Your task => Nothing is needed except the lines below that run from the one with "德信诚培训网五金冲压件检验作" through the one with "3. Postawić kupon", repeated exactly.

Data to process =>
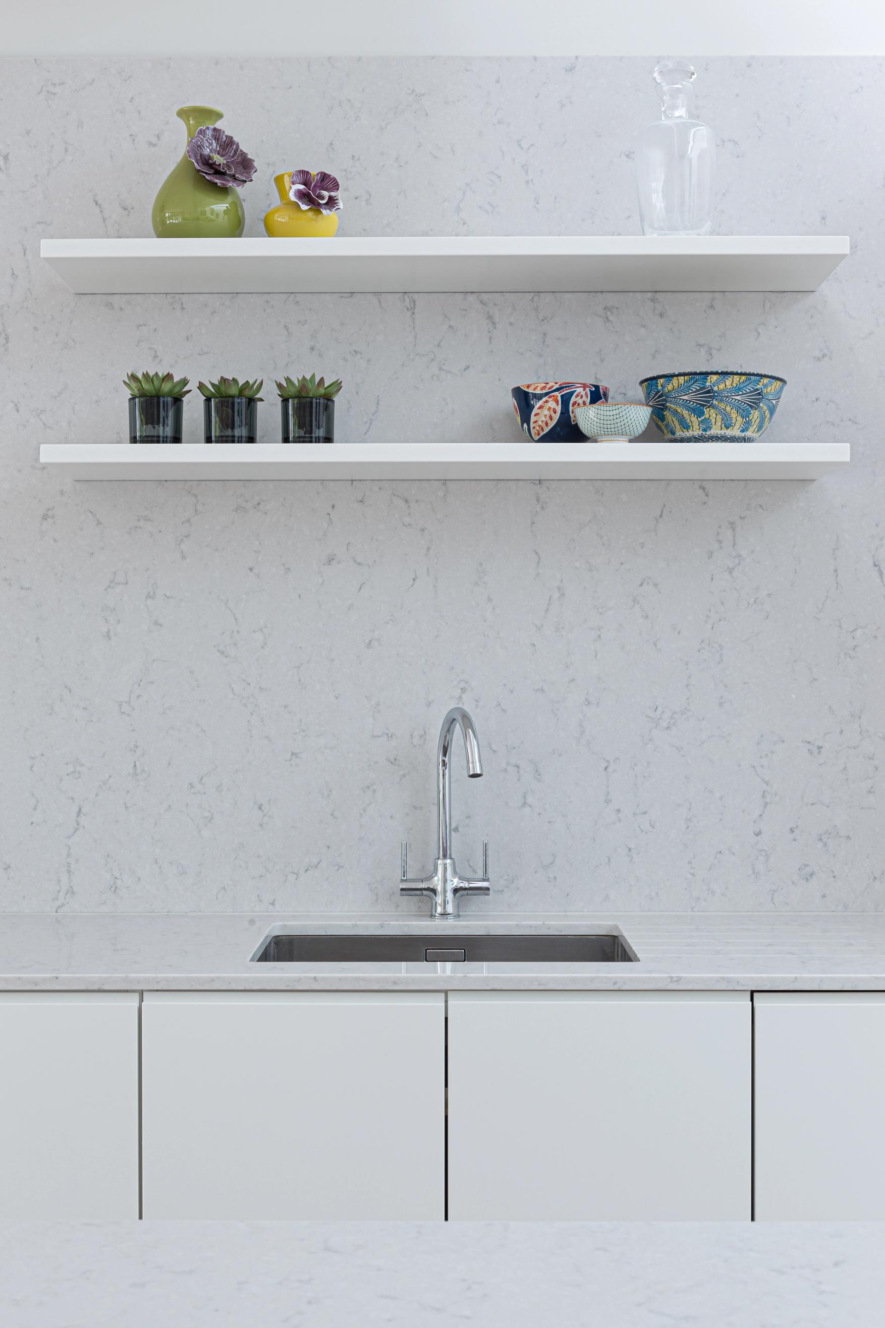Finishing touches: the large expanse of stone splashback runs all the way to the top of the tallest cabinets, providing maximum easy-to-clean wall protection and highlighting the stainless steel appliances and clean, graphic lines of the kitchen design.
--
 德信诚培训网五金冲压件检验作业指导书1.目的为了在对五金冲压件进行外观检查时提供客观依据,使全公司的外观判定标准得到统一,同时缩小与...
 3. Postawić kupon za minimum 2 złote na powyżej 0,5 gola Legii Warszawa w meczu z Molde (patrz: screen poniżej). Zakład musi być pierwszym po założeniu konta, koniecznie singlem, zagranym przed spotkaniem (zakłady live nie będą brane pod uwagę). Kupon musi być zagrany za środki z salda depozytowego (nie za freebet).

Answer to this task =>
 德信诚培训网五金冲压件检验作业指导书1.目的为了在对五金冲压件进行外观检查时提供客观依据,使全公司的外观判定标准得到统一,同时缩小与...
 3. Postawić kupon za minimum 2 złote na powyżej 0,5 gola Legii Warszawa w meczu z Molde (patrz: screen poniżej). Zakład musi być pierwszym po założeniu konta, koniecznie singlem, zagranym przed spotkaniem (zakłady live nie będą brane pod uwagę). Kupon musi być zagrany za środki z salda depozytowego (nie za freebet).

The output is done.